Okay. I’ll try anything.

Uncertainty always does this to me. I like to have a mission, a team, someone to tell me I’m doing good job, or at least some products! I remember on my first campaign, when Jay Inslee was running for Congress in 1998, we had a dynamo who ran the get out the vote operation named Jon Owen. He used to walk around saying to everyone "You are doing a great job." He said it when you kicked ass and when you fucked up. He said it to everyone, all the time, and he was so funny and manic and ironic that we all started doing it, and it was astonishing the power of that little phrase, even when you totally didn't mean it and were just dishing out shit. Try it, you'll see. 

I'm trying to feel excited about my current "job." This morning I told my parents that the new fun thing in my life is a PT exercise and it’s the truth. I saw some wonderful pals last night, haven’t seen them in a couple weeks. Karaoke, baby. (New profile photo!) But I am running out of ways to answer “How are you?” without mentioning my back, which is a downer and a conversation ender. Sigh.

I wouldn’t be talking about it here either except it’s this or don’t post today, and I promised Brigid. And myself.

Also, it’s good to try out finishing things and not being perfect about it all. Perfectionism leads to fight or flight hormones, and too much whiskey, and, as Peter Segel put it on “Wait, Wait- Don’t Tell Me!” this morning, turning to television to cure my existential despair. Brené Brown says this is the source of shame for women- do it all, do it perfectly, never let them see you sweat. She researches vulnerability and shame and gives this amazing TED talk on how to live a more whole-hearted life and she too says perfectionism is the enemy. I do see this around a lot, women who are trying to keep the house and the kids and the job and the body perfect, holding it all so tight. I recognize it in them, in the mirror, in the images… OMG. I was getting my hair cut about a month ago and More magazine, which I usually like for it’s smart, feminist P.O.V. had a fifty page article on branding yourself. It wasn’t fifty pages. But it felt like it! I could actually feel my pits dampening as I read the recommendations that you create a personal elevator pitch, style guide and motto.

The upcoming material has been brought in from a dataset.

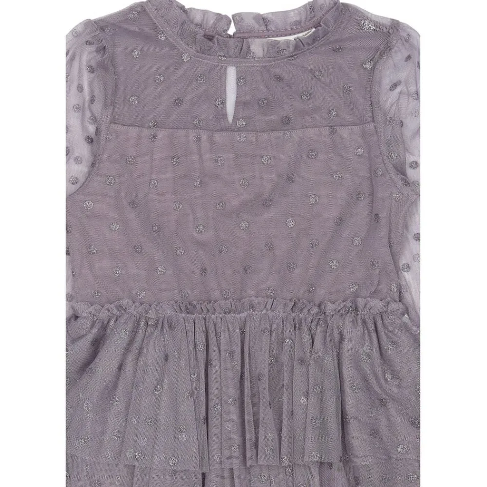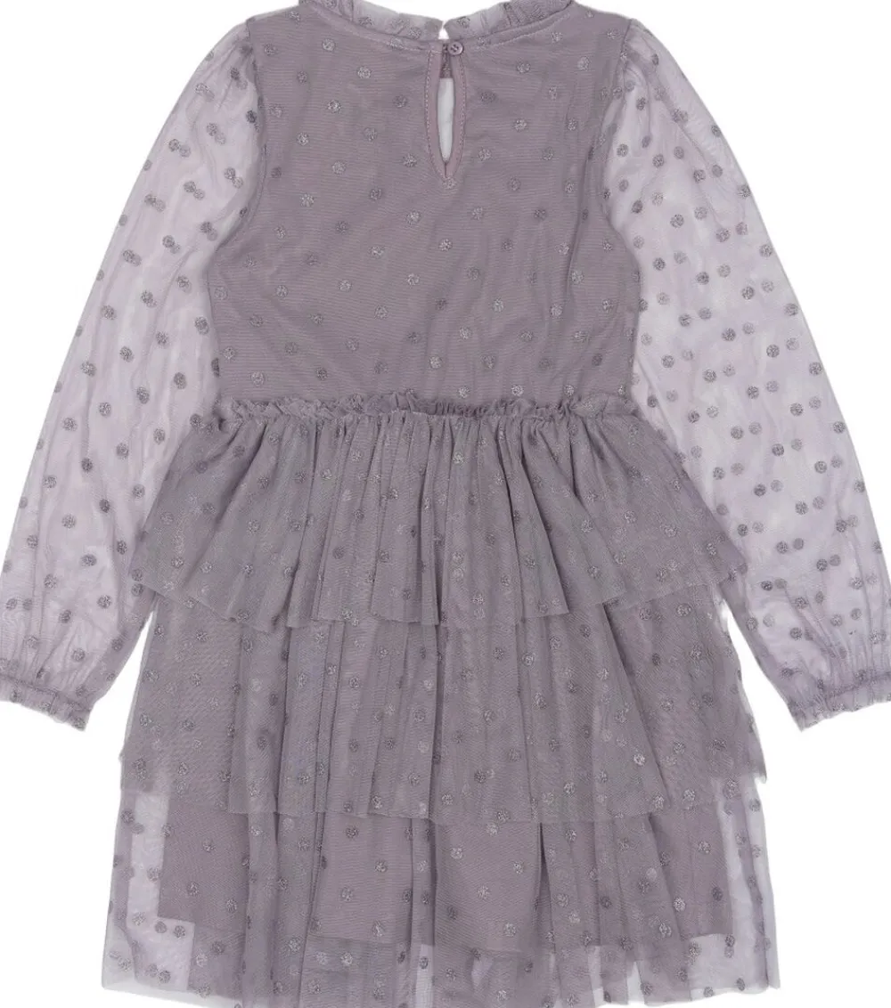 Fortryllende smuk langærmet kjole med flæser fra THE NEW, der er dekoreret med små prikker over hele kjolen. Denne meshkjole fra THE NEW har tynde, transparente ærmer og en underkjole lavet af blødt og åndbart materiale. Det er en fantastisk smuk og glamourøs festkjole, perfekt til festlige anledninger. – Kort kjole, der slutter lige over knæene. – 3 lag flæser i skørtet giver kjolen et ekstra fyldigt, feminint og festligt look. – Elastik ved håndleddene. – Slids med elastisk knaplukning i halsen.

No, thank you. Stroking arm again…

This thing is, I need something to do while I’m in this part of the journey, the dark forest of uncertainty. I keep telling myself, “Andrews, you are rebuilding. This is scary. It’s okay to feel alone. It’s okay that it feels like it’s taking too long and “Aren’t we there, yet?” is on repeat. I’m breathing into it, doing my exercises, walking, posting imperfectly. Also, I’m trying a new kind of painting right now, in my quest to find things to do that involve standing and not holding still! Large blocks of color, lots of water and messy drips. I can’t hunch over and do the tiny detail work and to tell the truth, I never loved it. But I like this, at least I did this morning before I went crazy with dark blue. I think I finished it imperfectly! But that's okay. Feel free to tell me I'm doing a great job, anyway. You certainly are.